Ten Days in the Hills
Page 20
“Or it would look ugly, like the Brobdingnagians.”
“Who are they?”
As he tested how close he could get to the edge of her labia and whether he could make out the hood of the clitoris, she said, “Did you ever read Gulliver’s Travels? When Gulliver goes to the land of the giants, they are very kind to him, but he can’t stand the sight of their pores and moles. Like high-definition TV.”
“Well, I can’t see your pores. I can see your hairs, but not really well. When they are in focus, they seem quite bright, as if something in the digitization makes them sparkle, and when they’re out of focus, they seem quite soft and welcoming.” He widened the camera angle, and the rest of her torso came back into the frame. He closed in on her navel, then on her right breast, and then on her right nipple. She said, “Do you like it so far?”
“Yes. Open your mouth.”
She opened her mouth. He looked at her whole face, then closed in on her lips and teeth, after that her tongue, which was somewhat pinker and even more sparkly than her labia, because, of course, it was moist. Her teeth glistened, too. She stuck out her tongue. Because the aperture was almost completely shut down, her tongue seemed to balloon at him and then retreat, as she made a point of the tip and then put it away. He said, “Eat the banana now.” She moved out of the frame. He didn’t watch her with his other eye: he had to keep that eye closed because it was nearsighted. He held the camera steady on the pillow she had been leaning against, and then she appeared again, or, rather, the banana appeared again, peeled and pale, all its little dimples and ridges magnified in the frame. He said, “I never realized what a pleasing color bananas are.” Her mouth bit off the top of the banana, and he went for a wider shot, a shot of her whole face as she took the banana down, inch by inch. She said, “You aren’t actually filming, right? Because I didn’t see you put in a tape.”
“No, just experimenting.”
“How do I look?”
He took the camera down. He said, “You look great. I love how you look. I want to fuck you.”
“Oh, yes, you do. I reciprocate your sentiments.” She smiled again.
“Oh, yes, I do want to fuck you. I should have taken advantage of that big one when I had it.” He sighed.
Elena sat up. She said, “You’re sighing.”
“I want to fuck.”
“Then stop the war.”
He lowered the camera. After a moment, he said, though with a smile, “I’m not sure your analysis is accurate.”
“What else could it be? We were fine until Thursday. Even when Colin Powell went before the Security Council and showed all those aluminum tubes and aerial photographs, we were fine. You were fine.”

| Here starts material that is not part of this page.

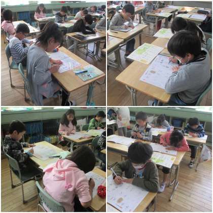 今日の書写のめあては、「角のつき方と交わり方に気をつけて書こう」です。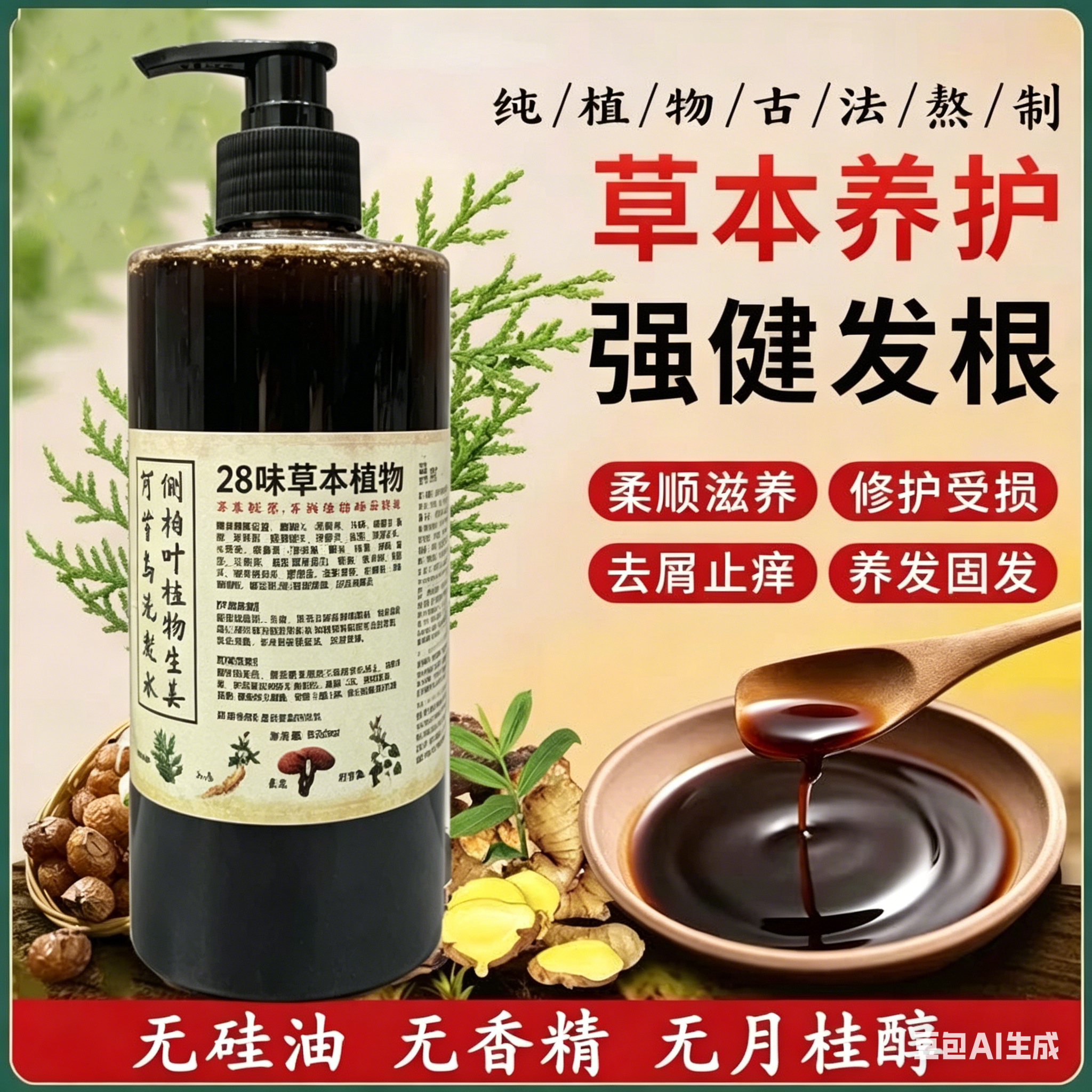 【九九】古法熬制侧柏叶皂角生姜植物洗发水无硅油控油去屑 2瓶装 500ml/瓶

In fact, Max thought that this was a rather amusing line of thought, so he went along with it. Whenever she talked about it, it was a relief, better in every way, he thought, that erectile dysfunction not be a personal matter. He especially did not want her wondering about her attractiveness or desirability, and her geopolitical theory was at least better than “I’m just not feeling very sexy lately,” an explanation he had relied on in the past. Because, of course, as soon as you said that, you started counting up dates and times and trying to decide when “lately” began and if “lately” might be the dawning of a new era. He was fifty-eight, after all. Fifty-eight had the air of seeming old, and even though when he saw other men his age on TV he was astonished at how old they looked in comparison with himself, when he passed himself in a plate-glass window he sometimes didn’t recognize the Max he thought he remembered. She said, “You can be sure that he is not suffering any difficulties. I’m sure it’s in the DNA. Don’t you remember, in the first Gulf War, how the dad really seemed to just get happy as soon as he decided to invade? Here he’d spent two years in the White House, shuffling around, looking depressed, and then he got that coalition together and his whole demeanor changed. You could tell it gave him a boost just to be attacking someone. He was smiling more, standing up straighter. It’s only people with consciences that actually suffer when the country goes to war.”

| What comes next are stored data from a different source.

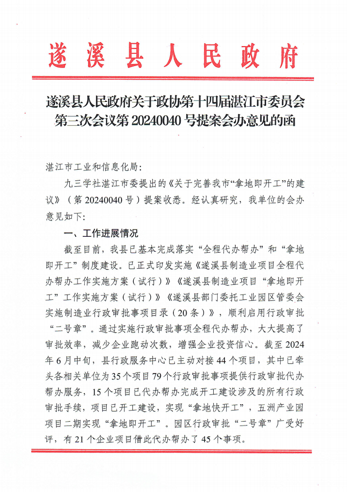 遂溪縣人民政府關(guān)于政協(xié)第十四屆湛江市委員會第三次會議第20240040號提案會辦意見的函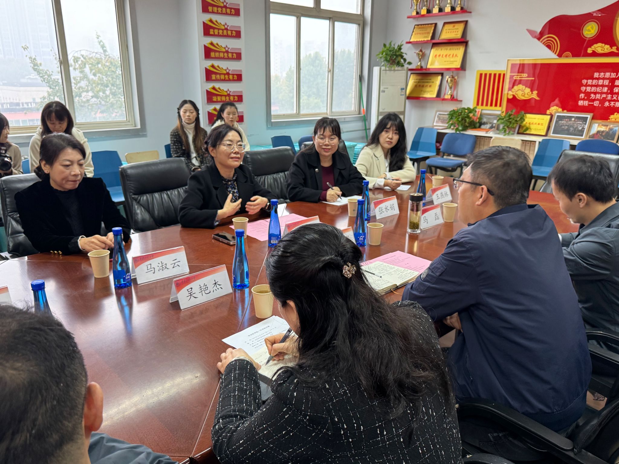 交流党建双创工作。院党委书记苏博、副书记马磊、副处级组织员吴艳杰、教工和学生党支部书记代表等参加交流,苏博主持会议。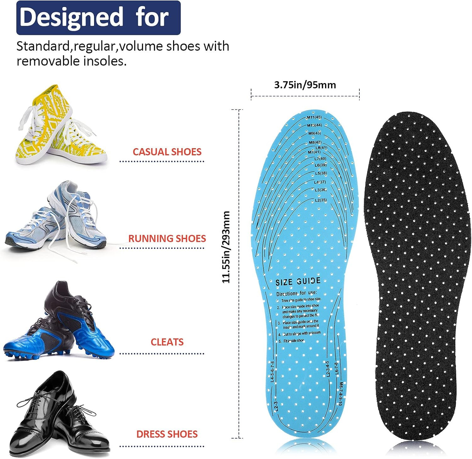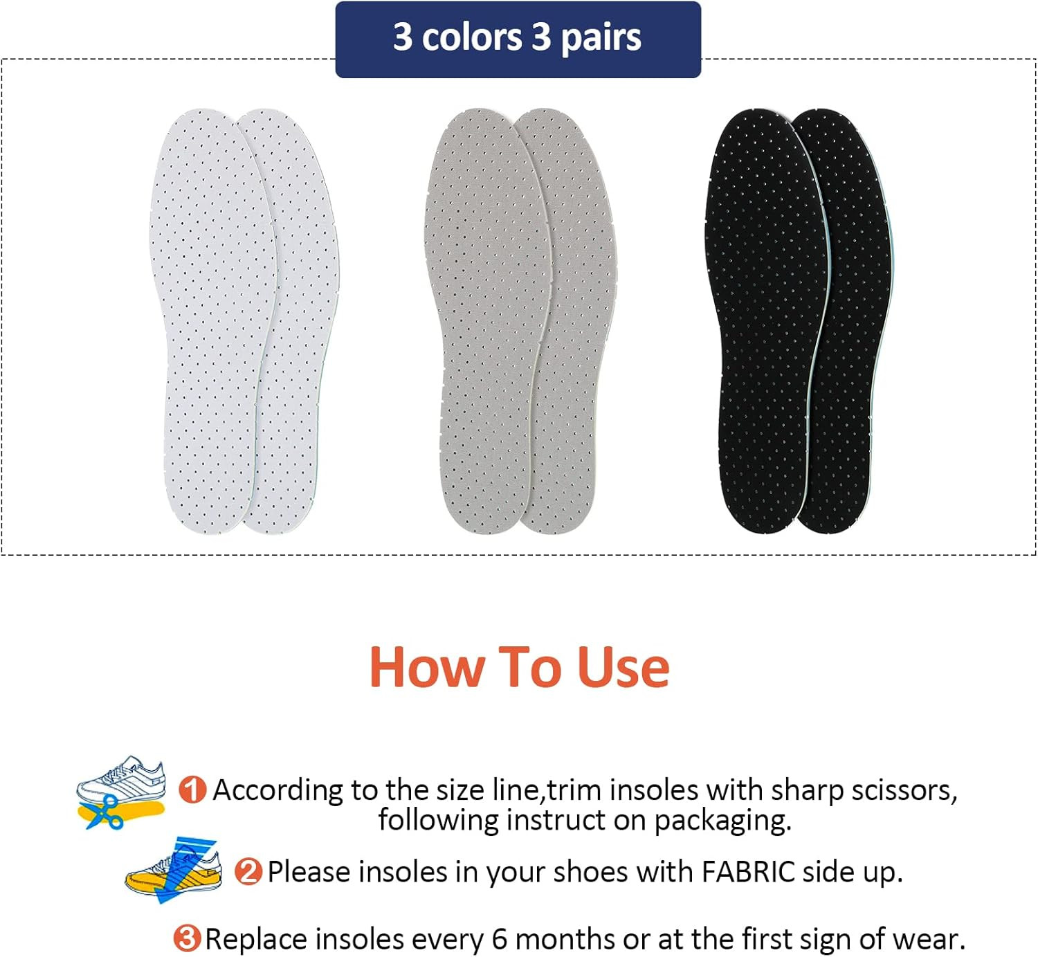 Sintege 3 Pairs Breathable Shoe Insoles Inserts Soft Cushioning Double-Layer Lat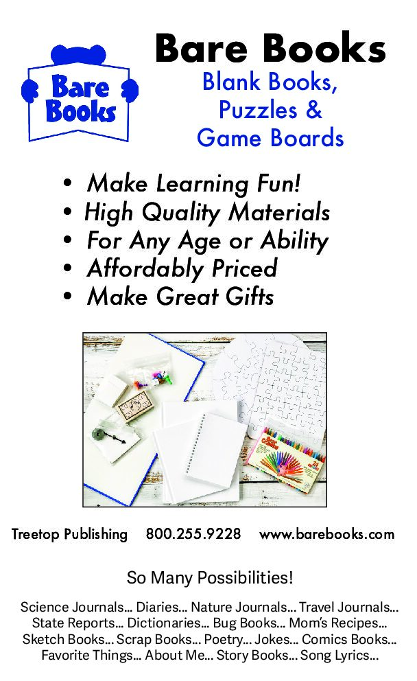 Bare Books – Bare Books and other “Bare” educational products are unique and some of the most inspiring you’ll find. Bare Books give students a creative canvas for their writing, and become a cherished keepsake for parents! Bare Game Boards, Bare Puzzles, Bare Calendars, and the rest, offer a fun twist on learning and provide the resources for a truly memorable project.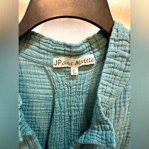 JP and Mattie Green Gauze Cotton Lagenlook 3/4 Sleeve Top Size Large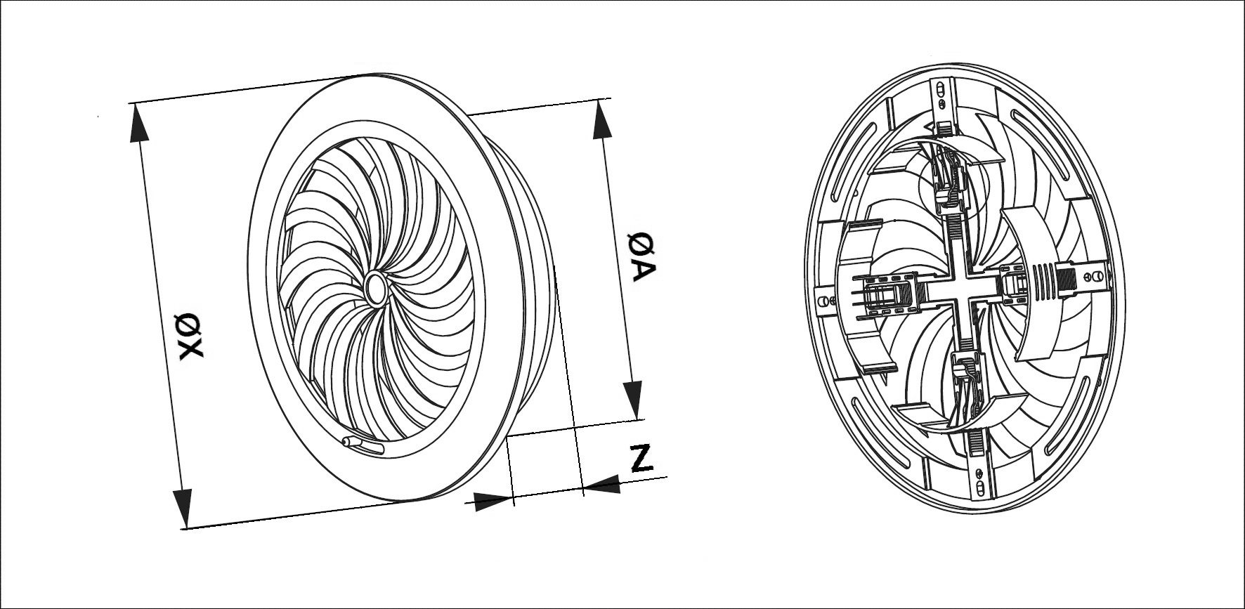 | Mriežky pre Ø mm-exterier-interier-do podhľadu | ⌀150mm-potrubie |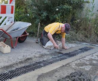 Aktuell ist eine breite Rinne am Ausgang des Welleringsgrabens gesetzt worden, um das noch an der Rhein-Taunus-Straße ankommende Oberflächenwasser abzufangen.
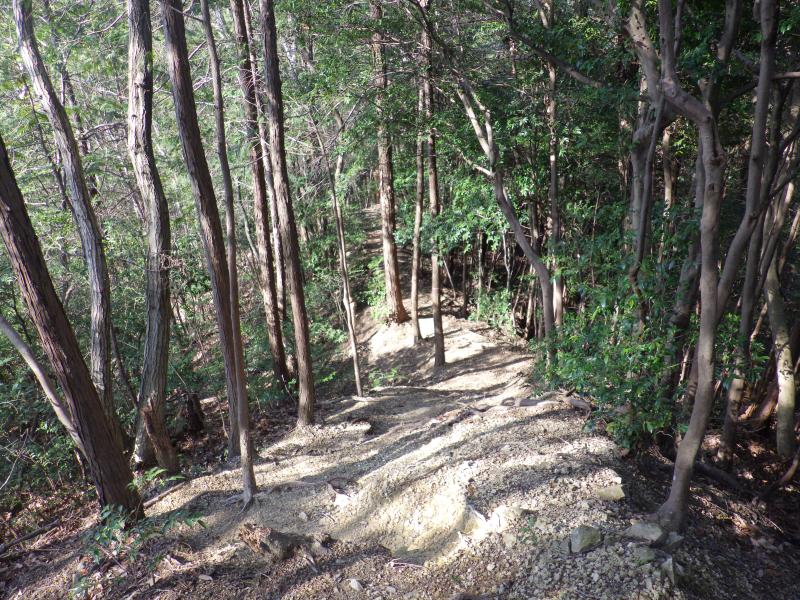 ここから折り返し、星ヶ埼城(星ヶ峰)へと進みます。登山道が大きく変わり、小刻みなアップダウン、小ピーク、小峠と何度も繰り返し、なかなか骨が折れます。星ヶ埼城(星ヶ峰)近くになると城跡だけによけいに道が荒れてきます。この星ヶ埼城も切り開きがあり、展望がよく、八幡山やその向こうの琵琶湖も見えます。城跡ですが、よくある堀切とかはなく、石垣が目立ちます。この先は一気に道の駅まで急降下していき、気が付けば道の駅の裏にでました。

Max set the camera inside the box, and removed the box to the floor beside the bed. She was glaring—though, he knew, not at him. After a moment, he said, “Honey. In the last two and a half years, you have done everything you could. You’ve protested and voted and marched and written letters to the editor. You’ve subscribed to progressive newsletters and magazines. You’ve signed petitions and made sure that none of this has been done in your name. You’ve sent in money and you’ve made signs. I know you would never take up arms or go outside the system, so you’ve exploited every single path you have open to you. Maybe you should take solace in the fact that you’ve done your best, that lots of others agree with you, and that at some point the pendulum will swing back. Maybe you should relax.”
“Relax!”
“Well, that’s the wrong word. Maybe you should accept that it’s out of your hands and that events are going to take their course.”

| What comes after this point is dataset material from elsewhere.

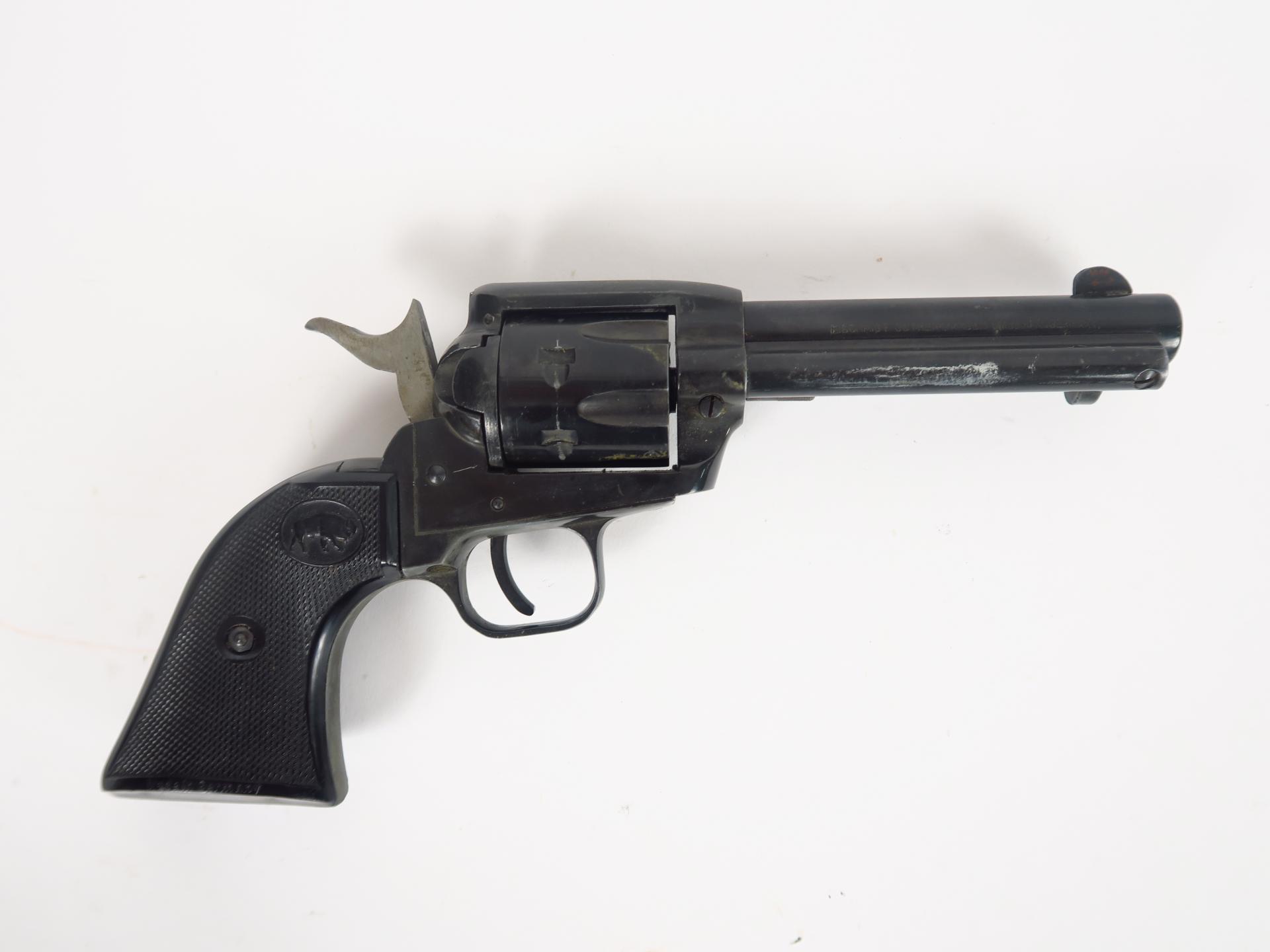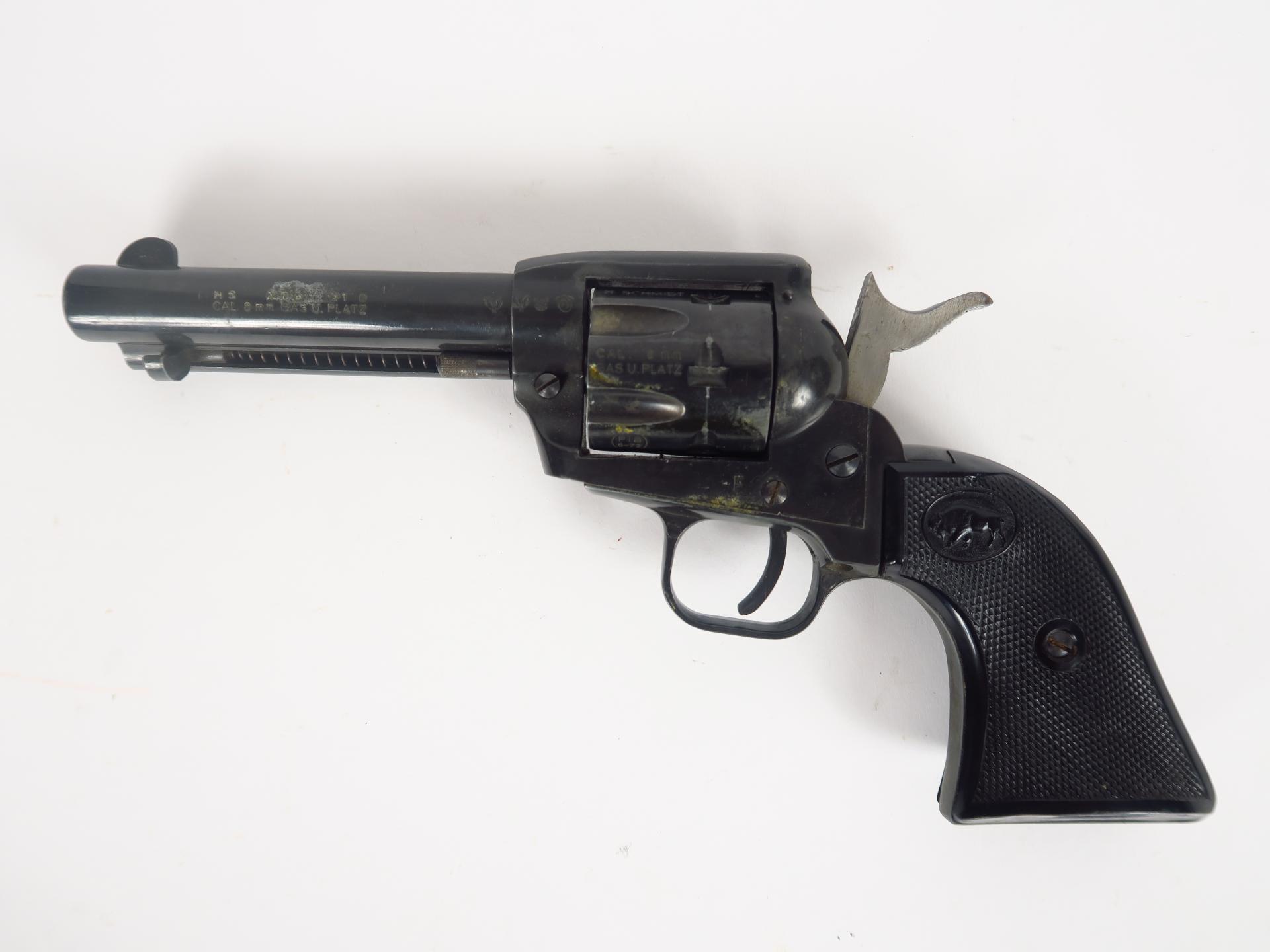 Copie d'un revolver SAA 1873 Colt par la société Schmidt, calibre 8 mm à gaz et à blanc, carcasse dural anodisée, barillet et canon acier. Plaquettes en bakélite avec bison. Arme de catégorie D.(1)

“Maybe I should, but I can’t.”
“What does that mean?”
“It means that I can’t stop feeling offended. Here’s what I think. If they hadn’t cheated to win the election, I might feel different. First of all, they prevented likely Democratic voters from voting by manipulating the voting lists. They knew they were doing it and intended to do it. Then a cousin of the Bushes on Fox TV called Florida and the election for Bush, even though the election was at least too close to call. Then, when it looked like the recount was going to go our way, they sent in thugs to intimidate the recounters, and after that, the Supreme Court stopped the recount, even though Scalia and Thomas had blatant conflicts of interest. And then they gloated. Cheating and gloating. I mean, people give up power all the time, and it’s difficult to do, but in this case the power was stolen because they cheated. Even the Supreme Court justices knew they were cheating, and it’s their job not to cheat and to understand cheating and to prevent cheating.”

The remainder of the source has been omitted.